One Express Way, St. Louis, MO
(Address of Principal Executive Offices)
  63121
(Zip Code)
Registrant’s telephone number including area code: 314-996-0900
No change since last report
(Former Name or Address, if Changed Since Last Report)
 
     Check the appropriate box below if the Form 8-K filing is intended to simultaneously satisfy the filing obligation of the registrant under any of the following provisions (see General Instruction A.2. below):
o     Written communications pursuant to Rule 425 under the Securities Act (17 CFR 230.425)
o     Soliciting material pursuant to Rule 14a-12 under the Exchange Act (17 CFR 240.14a-12)
o     Pre-commencement communications pursuant to Rule 14d-2(b) under the Exchange Act (17 CFR 240.14d-2(b))
o     Pre-commencement communications pursuant to Rule 13e-4(c) under the Exchange Act (17 CFR 240.13e-4(c))
 
 

 


 

Item 5.02.   Departure of Directors or Certain Officers; Election of Directors; Appointment of Certain Officers; Compensatory Arrangements of Certain Officers.
On December 15, 2010, Express Scripts, Inc. (“Company”) and George Paz, the Company’s President and Chief Executive Officer, entered into an amendment (“Amendment”), effective as of December 15, 2010, to the Amended and Restated Executive Employment Agreement, dated as of November 1, 2008 (“Employment Agreement”). The Amendment provides the following material changes to Mr. Paz’s Employment Agreement:
  (i)   the term of the Employment Agreement is extended from March 31, 2011 to March 31, 2014;
 
  (ii)   the Employment Agreement is updated to reflect Mr. Paz’ current annual base salary of $1,100,000, which was effective as of April 1, 2010;
 
  (iii)   payments to Mr. Paz for COBRA premiums, and after the COBRA period, for equivalent medical coverage, following certain terminations of employment under the Employment Agreement will be made monthly under the Amendment and, to the extent otherwise due during the first six months following termination of employment, will be accrued and paid in a lump sum on the first day of the first month which is more than six months following such termination of employment, with a reasonable rate of interest, as determined by the Company;
 
  (iv)   Mr. Paz’s severance benefits following certain terminations of employment under the Employment Agreement, to the extent otherwise due during the first six months following termination of employment, will be accrued and paid in a lump sum on the first day of the first month which is more than six months following such termination of employment, with a reasonable rate of interest, as determined by the Company;
 
  (v)   Mr. Paz will no longer be eligible to receive a tax reimbursement payment from the Company for taxes that may become payable by him on account of certain parachute payments, and the Company may reduce any such parachute payments that would cause Mr. Paz to incur an excise tax if such reduced amount would provide a greater benefit to Mr. Paz than an unreduced payment that would be subject to an excise tax; and
 
  (vi)   the Amendment clarifies that the Company may enforce certain restrictive covenants to which Mr. Paz is subject under the Employment Agreement through specific performance or injunctive or other equitable relief, instead of through binding arbitration.
All of the other provisions of the Employment Agreement remain unchanged in all material respects.
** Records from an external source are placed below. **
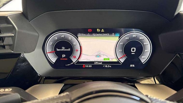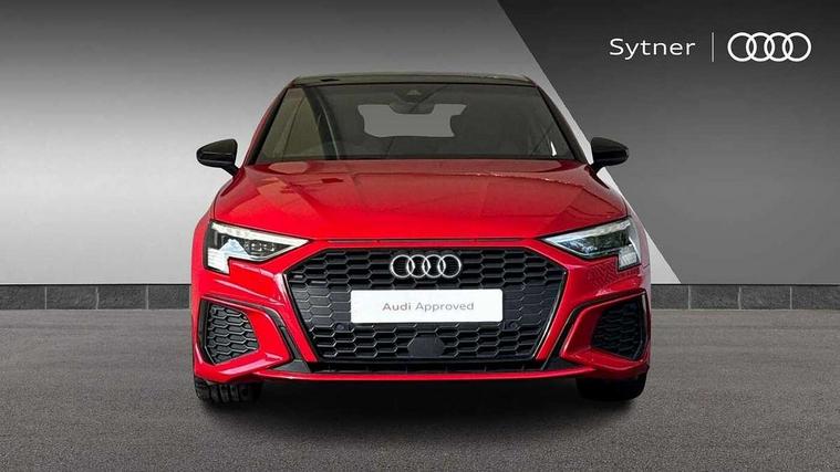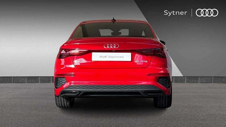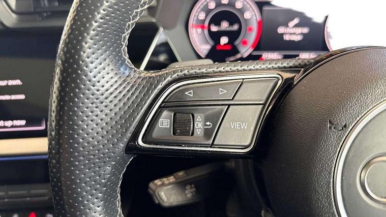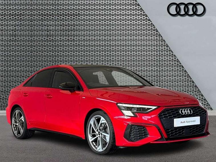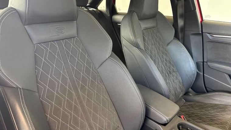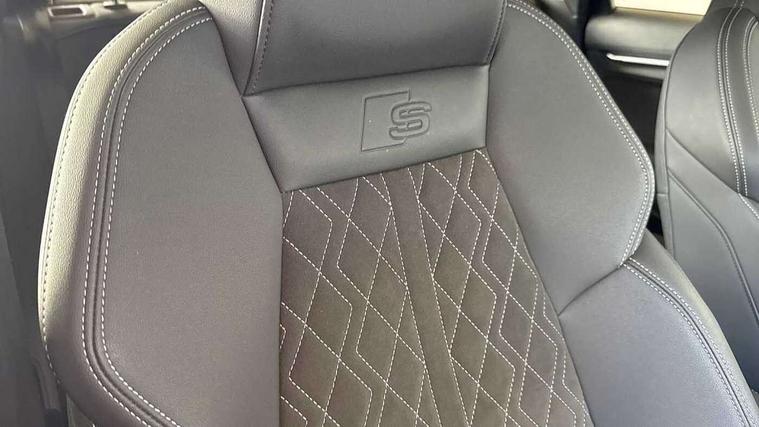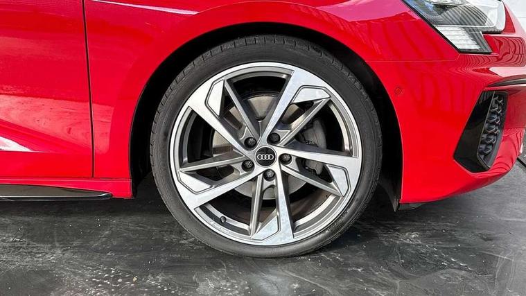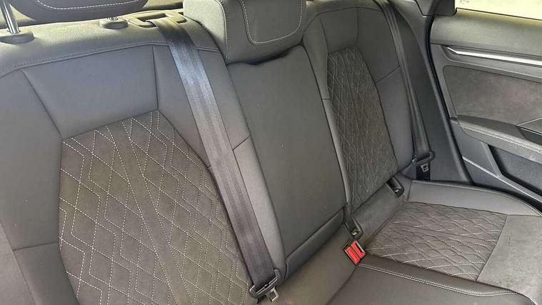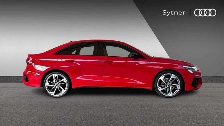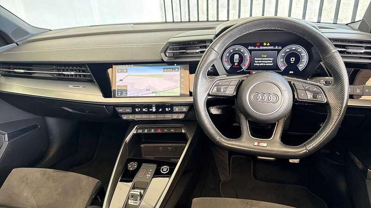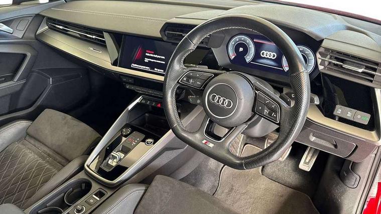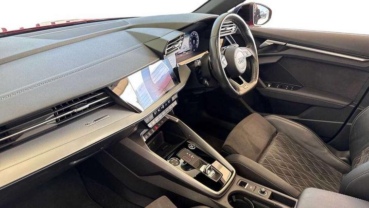 Audi connect emergency call and service, Audi drive select (Auto, Comfort, Dynamic, Efficiency and Individual), Audi smartphone interface, Audi virtual cockpit plus - 12.3" dynamic digital instrument cluster, Automatic start/stop system with recuperation, Bluetooth interface, Collision avoidance assistant, Cruise control + speed limiter, Electromechanical power speed sensitive steering, Lane departure warning system, MMI Navigation Plus with high resolution 10.1" colour touch screen display, Rear parking sensors, Service indicator, Voice control system with natural language interaction, Sports suspension, 1xUSB-A and 1xUSB-C connection, 6 passive loudspeakers, CD player, DAB Digital radio, Acoustic glass windscreen, Auto dimming frameless rear view mirror, Electrically adj heated/folding + automatically dimming exterior mirrors + automatic kerb side function for passenger side exterior mirror, Front electric windows, Illuminated door sills with aluminium inserts at the front with S logo, Integrated LED indicators in door mirrors, LED daytime running lights, Light and rain sensors, Model and engine designation badges at rear, Privacy glass - dark tinted rear window, rear door and side windows, Rear electric windows, S roof spoiler, 12V socket and storage compartment in front centre console, 3 spoke flat bottomed multifunction plus sports contour leather wrapped steering wheel with shift paddles, 4 way electrically adjustable lumbar support for driver and front passenger, 40/20/40 split folding rear seat bench with cupholder, Alcantara/twin leather upholstery with front sports seats S embossed logo, Black cloth headlining, Dual zone electronic climate control, Electrically adjustable front seats, Front and rear centre armrest in leather, Front and rear headrests, Front/rear floor mats, Heated front seats, Height and reach adjustable steering wheel, Interior lighting - glove compartment light and right hand side, Luggage compartment floor covering, Manual boot compartment lid, Seat side bolsters, Stainless steel pedals and front footrest, Aluminium interior elements pack - A3 Saloon, Black styling pack - A3/S3, Extended ambient lighting pack - A3/S3 Saloon, LED interior lighting pack - A3 Saloon Edition 1/Vorsprung, Matrix LED Exterior lighting with headlight washer Pack - A3/S3, 3x3 point rear seat belts, Driver and front passenger airbag with passenger airbag deactivation, Electronic Stabilisation Control (ESC) including ABS, ASR and EDL, First aid kit with warning triangle and 2 safety vests, Hill hold assist, Pre-sense front with pedestrian and cyclist detection, Seatbelt monitoring, Tyre pressure loss indicator, Anti theft alarm, Anti-theft wheel bolts, Electronically operated child lock, Immobiliser, Remote control central locking, Aluminium air vent surrounds, Aluminium trim elements, Dark spectrum aluminium inlays, accent surfaces in the dashboard and centre console in platinum grey silk effect paint finish, 19" 5 arm trapezoid design alloy wheels in titanium matt grey with diamond cut finish,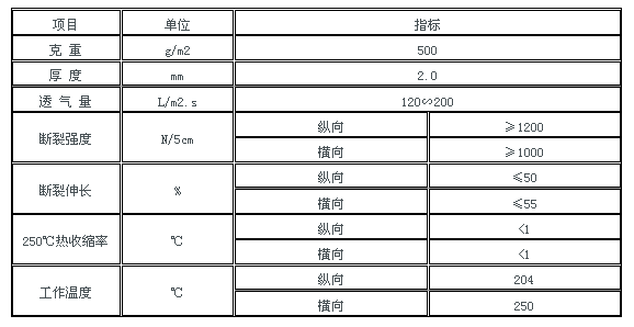美塔斯针刺毡可在204℃的温度下连续操作(瞬间温度250℃)并可承受反复的250℃瞬间的波动温度,同时具有杰出的尺寸稳定性能,在250℃的温度下只有小于是1%的热收缩率,具有高温稳定性。良好的耐化学性能在低浓度的酸碱和大多数碳氢化合物对它不会造成影响,即使少量的氟化物也不会明显地腐蚀它。美塔斯过滤材料已被证明可以广泛应用于高温过滤领域,长期使用可保持高强力、高耐磨性。广泛应用于沥青、水泥、钢铁、有色金属、石灰、粉尘、冶金、烘干、碎石、石膏、塑胶、炭黑、焦炭、造船、烟草等行业。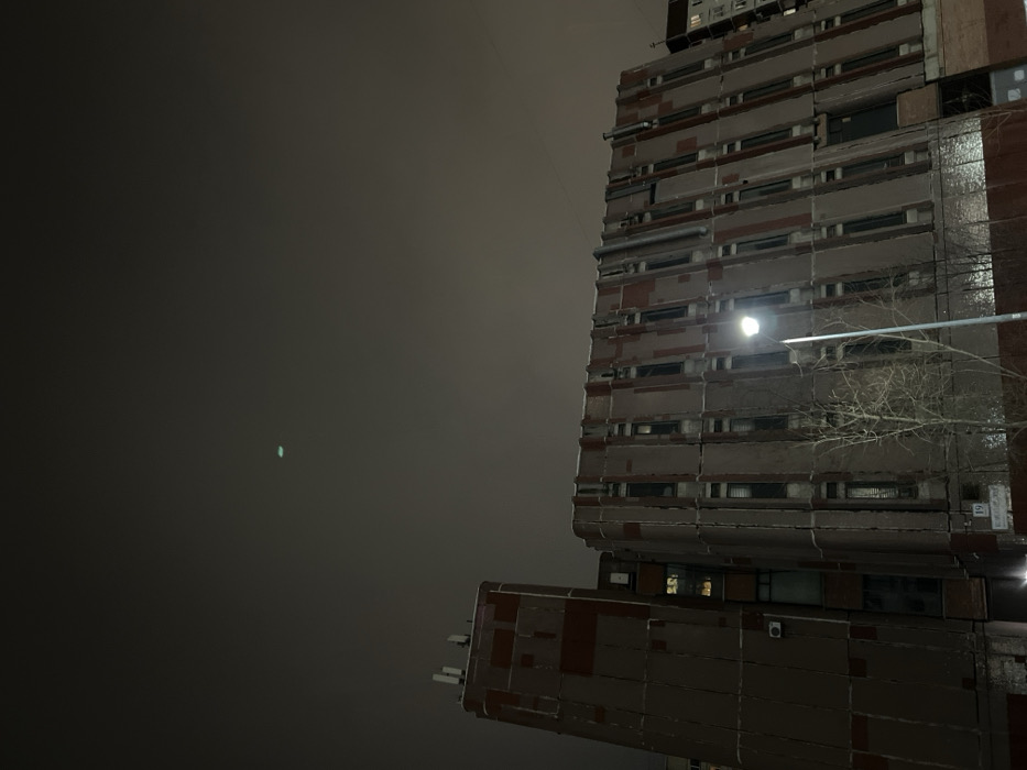 A tall, imposing brutalist building dominates the right side of the frame. The structure features a repeating pattern of rectangular modules with small windows. A bright street lamp illuminates the building's facade. Bare tree branches add a stark detail to the scene. The left side of the image is filled with a uniformly dark and clouded night sky. A faint green glimmer is visible in the distance. The perspective is from below, looking up at the towering building.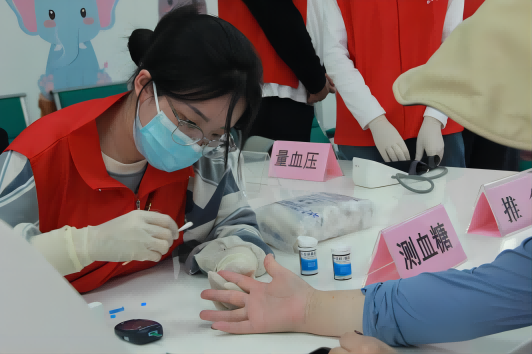 广东青年“百千万工程”突击队“红医传薪”队学生志愿者们为民众推按、量血压、测血糖等

The above description of the Amendment to the Employment Agreement is a summary and is qualified in its entirety by reference to the Amendment to the Employment Agreement filed herewith as Exhibit 10.1 and incorporated herein by reference. For a description of the Employment Agreement prior to the amendment, please see “Executive Compensation — Employment Agreements and Potential Payments Upon Termination or Change of Control” in the Company’s proxy statement filed with the Securities and Exchange Commission (the “SEC”) on March 24, 2010 and Mr. Paz’s Employment Agreement filed as Exhibit No. 10.1 to the Company’s Current Report on Form 8-K filed with the SEC on October 31, 2008.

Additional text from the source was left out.